Almirante has a reason to be happy of beginning the school year: he’ll be given a daily meal as part of the ‘Food For Knowledge’ program, currently implemented by ADPP Mozambique and Planet Aid Inc., in the province of Maputo. The objective of the program is to offer daily meals for 60.000 school children during a three year period (2013-2015) and to raise awareness on the importance of healthy eating habits.
During the last two decades, Mozambique has seen an economic growth of between seven and eight percent, yet over half the population continues to live below the poverty line. Children are the most harmed by this situation. It is estimated that up to 44% of children under five in the country are physically or mentally impaired – in technical terms, stunted - because of severe malnutrition.
This also makes them more vulnerable to fatal diseases such as malaria or AIDS.
“A stunted child is not only shorter than it should be, but it will also most likely suffer compromised cognitive development and have difficulties learning, and ultimately this will have a negative effect on employability, which in turn affects gross national product and the development of the nation itself”, says UNICEF Mozambique Nutrition Specialist Maaike Arts.
Besides providing daily school meals, the ‘Food For Knowledge’ program gives courses to more than 4.000 primary school teachers in nutrition, community health practices, and small-scale agricultural and economic development techniques.
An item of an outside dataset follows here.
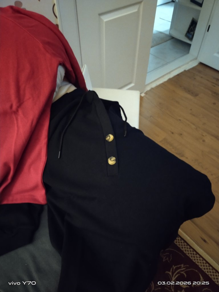 Kadın uzun kollu kapşonlu önü düğmeli ve bağcıklı waffle bluz
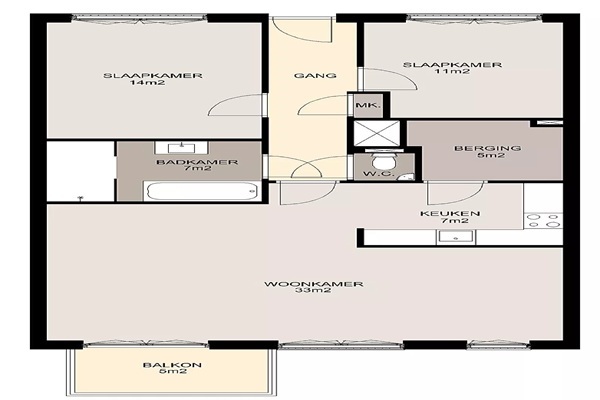 Het appartement beschikt over een royale en lichte woonkamer van ca. 33 m² met directe toegang tot het balkon. De halfopen keuken is voorzien van diverse inbouwapparatuur en biedt voldoende werk- en bergruimte. De woning telt twee slaapkamers van respectievelijk ca. 14 m² en 11 m². De tweede slaapkamer is tevens uitstekend geschikt als werk- of studeerkamer. De luxe badkamer is compleet uitgevoerd met een ligbad, separate douche en wastafel. Daarnaast is er een aparte interne berging met aansluitingen voor wasmachine en droger. Op de begane grond bevindt zich nog een extra (externe) berging en een vaste parkeerplaats in de afgesloten parkeergarage.

The program will also equip all schools in the program with a kitchen and a storage space and those that lack a dependable water source, will receive a potable water supply.
Julieta Simango, director of the primary school Chicuachana, explains that “the food we give to the kids make a great difference. Not only do we see it in improving school attendance, but, thanks to the daily nutritious lunches, the children are now more attentive and participative during the classes”.